Awesome, thanks, just what I was hoping for. Sounds like the most painless way to do this to move /swap to a logical partition in sda4, and reallocate the old /swap primary to windows.

Any idea where on the disk the new /windows partition should go? Can it go anywhere, or need to go near the front or something?

oldfred
August 16th, 2012, 03:29 PM
Physical location on drive does not matter, partitions do not have to be in any order on drive, although some of the partitioning tools may just tell you they are not in order.

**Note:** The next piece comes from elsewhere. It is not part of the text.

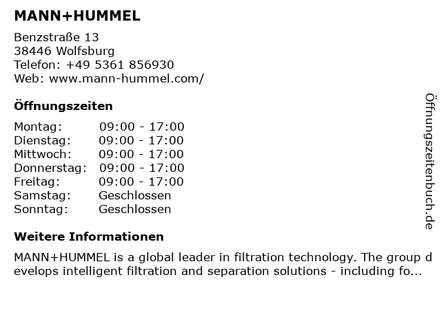 | Öffnungszeiten MANN+HUMMEL in Wolfsburg anzeigen | |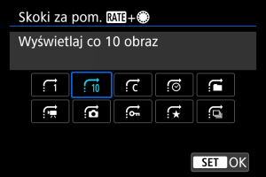 - W przypadku opcji [Przeskocz określoną liczbę obrazów] można użyć pokrętła

Windows requires a NTFS formated primary partition (sda1 thru sda4) with the boot flag to install. Most minimum suggestions I have seen is XP should be 20GB and Vista/7 30GB. They may install in less and will quickly consume a lot more if you install lots of stuff.

If dual booting I often suggest a separate shared data NTFS partition. The Linux NTFS driver shows all the hidden files & folders in the Windows system partition. You then can accidentally damage something or we seem to see users have issues if they write too much from Ubuntu into Windows. Best to set Windows system to read-only and use another NTFS as the read-write shared data partition. Windows system partition can be a little smaller but it often takes some effort to get Windows to save somewhere else than its system partition. Shared NTFS can be logical also.

Kurtosis
August 16th, 2012, 10:25 PM
Thanks Fred. So to have separate Windows System and Windows Data partitions, I would need to free up two primaries, which would have to be done by putting both /boot an /swap on logical partitions in sda4 (currently my extended partition)?

oldfred
August 16th, 2012, 10:53 PM
Windows has to boot from a primary, but even second installs of Windows (do not ever delete first install) can be in a logical. Or the data partition does not have to be a primary.

Kurtosis
August 17th, 2012, 11:26 PM
Thanks again fred, all done and working. Much appreciated!